Chicago, Illinois – Chicago Public School teachers and students will return to school on Friday after educators reached a contract deal with the United States‘s third-largest school district, ending a strike that began on October 17 and cancelled 11 days of school, Chicago Mayor Lori Lightfoot announced Thursday.
The deal brings an end to the longest strike since 1987, when teachers refused to work for 19 days.
“The teachers will be back in class; the students will be back in class tomorrow,” Lightfoot said at City Hall Thursday after a two-hour meeting with Chicago Teachers Union (CTU) President Jesse Sharkey.
The CTU reached a tentative agreement on Wednesday, but refused to end the strike until Chicago Public Schools (CPS) agreed to make up for the 11 school days lost to the strike. Lightfoot compromised on Thursday, agreeing to give five makeup days at the end of the 2019-2020 school year. The CTU must still hold a vote with rank-and-file members to fully approve of the deal, which is expected to pass.
“In the interests of our students and our parents who have been suffering, it was important to me to make sure that we got our kids back in class,” Lightfoot said. “Enough is enough. And so in the spirit of compromise, we agreed. It was a hard-fought discussion. It took us a long time to get there, but I think this is the right thing.”
After months of negotiations, CPS agreed to many of CTU’s demands. The two sides agreed on a five-year contract in which teachers be given a 16-percent pay rise over the life of the agreement. Teachers will receive a three-percent rise over the first three years of the contract and a 3.5-percent rise for the following two years.
The contract also includes concessions over one of CTU’s greatest sticking points – trauma care and more social workers for students. The city’s final deal before the strike offered two million dollars to hire more social workers and nurses. The CTU rejected this offer, calling it “insulting” and saying that figure would only be enough to hire two teachers and four social workers, nurses and case managers over four years.
This week’s deal includes funding for a social worker and nurse on site in every school each day, a significant victory for the CTU. Many schools currently do not have any permanent social workers or nurses on staff, with health workers travelling to schools one day a week to address student health issues. Under the agreement, the city will hire hundreds of additional social workers and nurses, and will be given resources to assign a social worker and case manager to every school.

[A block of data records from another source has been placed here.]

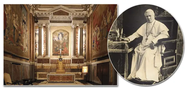 A la izquierda, Capilla Paulina – Palacio Apostólico; a la derecha, San Pío X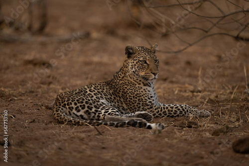 © Nick Dale, Obraz premium Leopard lies turning head beside branches
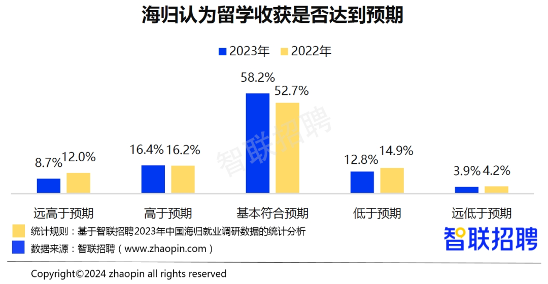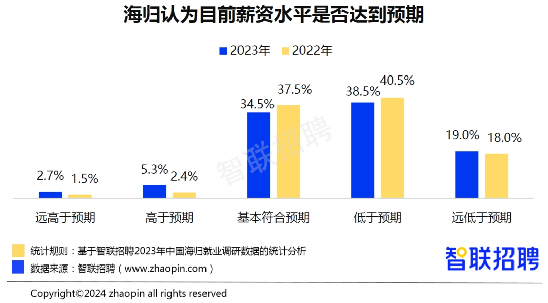 谈到薪酬时,认为目前薪资水平“高于”或“远高于”预期的海归共占8%,高于2022年的3.9%,认为基于符合预期的比例为34.5%,低于2022年的37.5%。这三项占比共计42.5%,高于2022年的41.4%。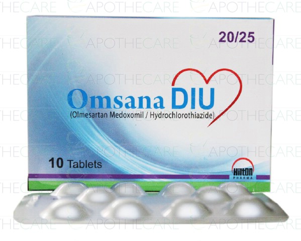 Product Name: Omsana-DIU Tab 20mg/25mg 10'sProduct Form: TabletsPack Size: 10'sMarketed By: Hilton Pharma (Pvt) Ltd.Generic Category: Anti-HypertensiveIngredients: Olmesartan 20mg,Hydrochlorthiazide 25mg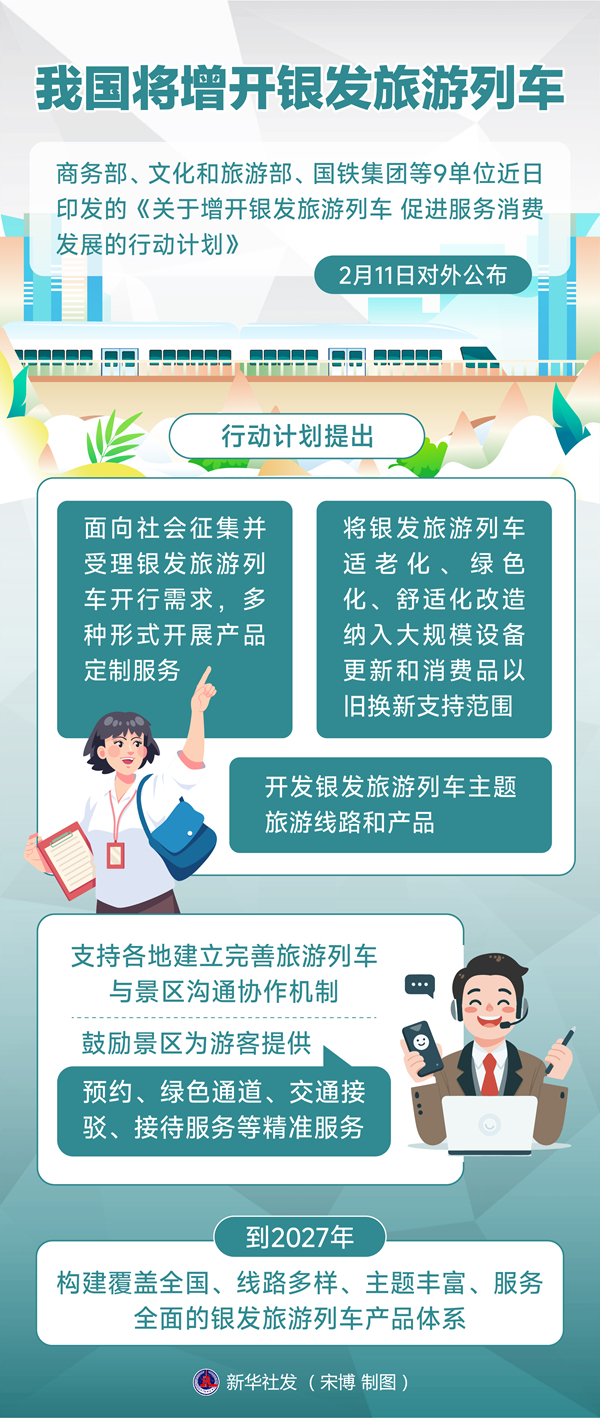 商務(wù)部、文化和旅游部、國(guó)鐵集團(tuán)等9單位近日印發(fā)的《關(guān)于增開(kāi)銀發(fā)旅游列車 促進(jìn)服務(wù)消費(fèi)發(fā)展的行動(dòng)計(jì)劃》11日對(duì)外公布,從增加銀發(fā)旅游列車服務(wù)供給、強(qiáng)化適老化設(shè)施保障、提升銀發(fā)旅游列車服務(wù)水平、優(yōu)化銀發(fā)旅游列車發(fā)展環(huán)境等方面提出12條具體舉措。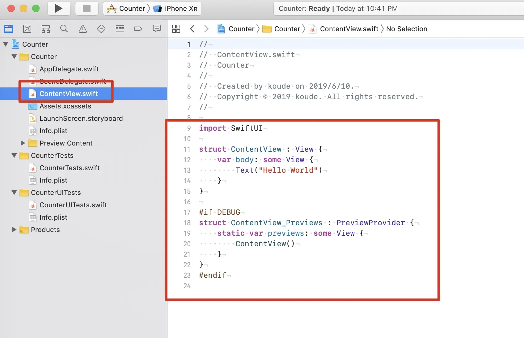 Create,一个使用 SwiftUI 的工程就会创建成功。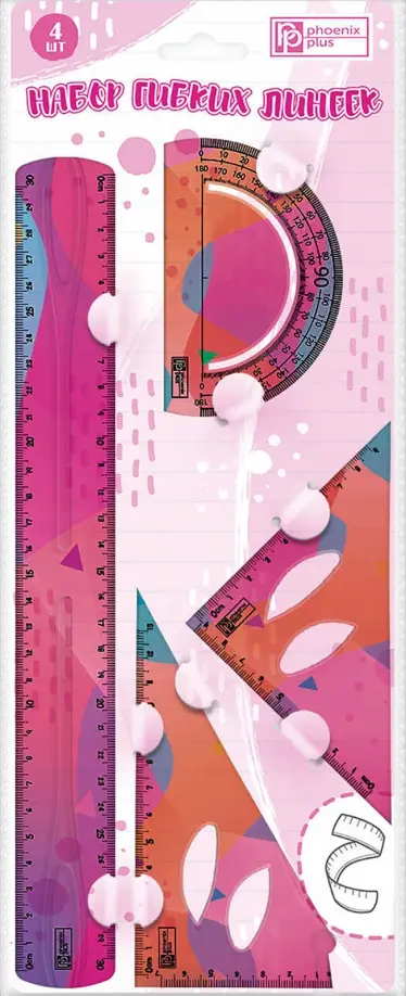 Набор гибких линеек, разноцветный, 4 штуки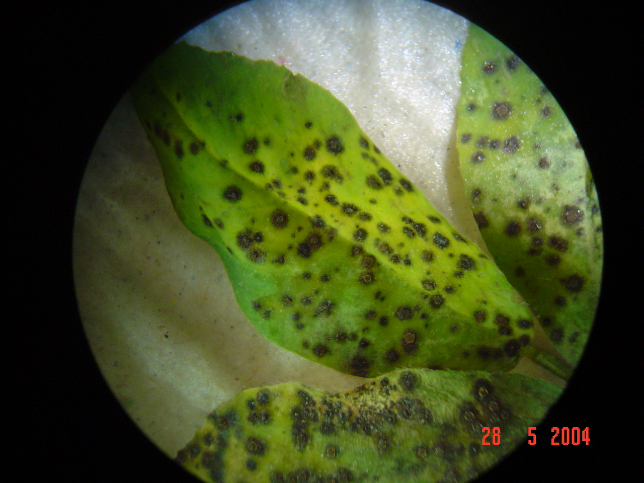 Vista a detalle de síntomas de la viruela de la alfalfa (Pzeudopezisa medicaginis), una de las principales enfermedades fungosas de la especie, con mayor incidencia en condiciones del valle antes que de las alturas del altiplano. (© CIF "La Violeta", 2005). |

CPS said they will invest $35 million each year towards reducing class sizes, a figure nearly six times greater than Chicago’s initial six-million-dollar offer. CTU had made class sizes central to their decision to strike, as some teachers taught upward of 40 students in each classroom. This week’s deal will prioritise reducing class sizes at schools with “the most vulnerable students”, the union said in a statement.
“Today’s agreement will move us one step closer to smaller, enforceable class sizes, equitable pay for educators and paraprofessionals, and more support for our English Language and special education students,” said CTU Vice President Stacy Davis Gates in a CTU statement.
However, those class sizes are still higher than many union members wanted to see. The new contract sets class sizes at 28 students for kindergarten through third-grade classes; 31 students for fourth through eighth-grade classes; and 31 students for high school students through grade 12, according to excerpts of a draft of the contract, obtained by Al Jazeera.
“I am slightly disappointed in class-size language,” one special education teacher and CTU member who wished to remain anonymous said. “Though there is more money allocated now, the class caps are still high.”
The union also wanted a three-year deal with the city, eventually compromising to a five-year contract with CPS. CTU also dropped their demand for an additional 30-minute preparation period.
Although Lightfoot said she offered to make a joint announcement on reaching a deal, CTU President Jesse Sharkey refused, an indication of tensions that remain between the two groups.
“We feel like we achieved a lot of things,” Sharkey said outside City Hall. “There are some things we didn’t achieve, but it’s not a day for photo opps and victory laps …They don’t need to see me smiling with the mayor when in fact what they need to see is we have a tentative agreement, we have a return to work agreement.”
Many teachers, however, are eager to get back to work and feel the changes will be positive ones for students across the city.
“I think we won big in areas of special education, clinicians, pre-kindergarten and pay, for the most part,” the CTU member said. “I view it as a huge win for our students, especially our neediest. Overall, I feel our kids won big.”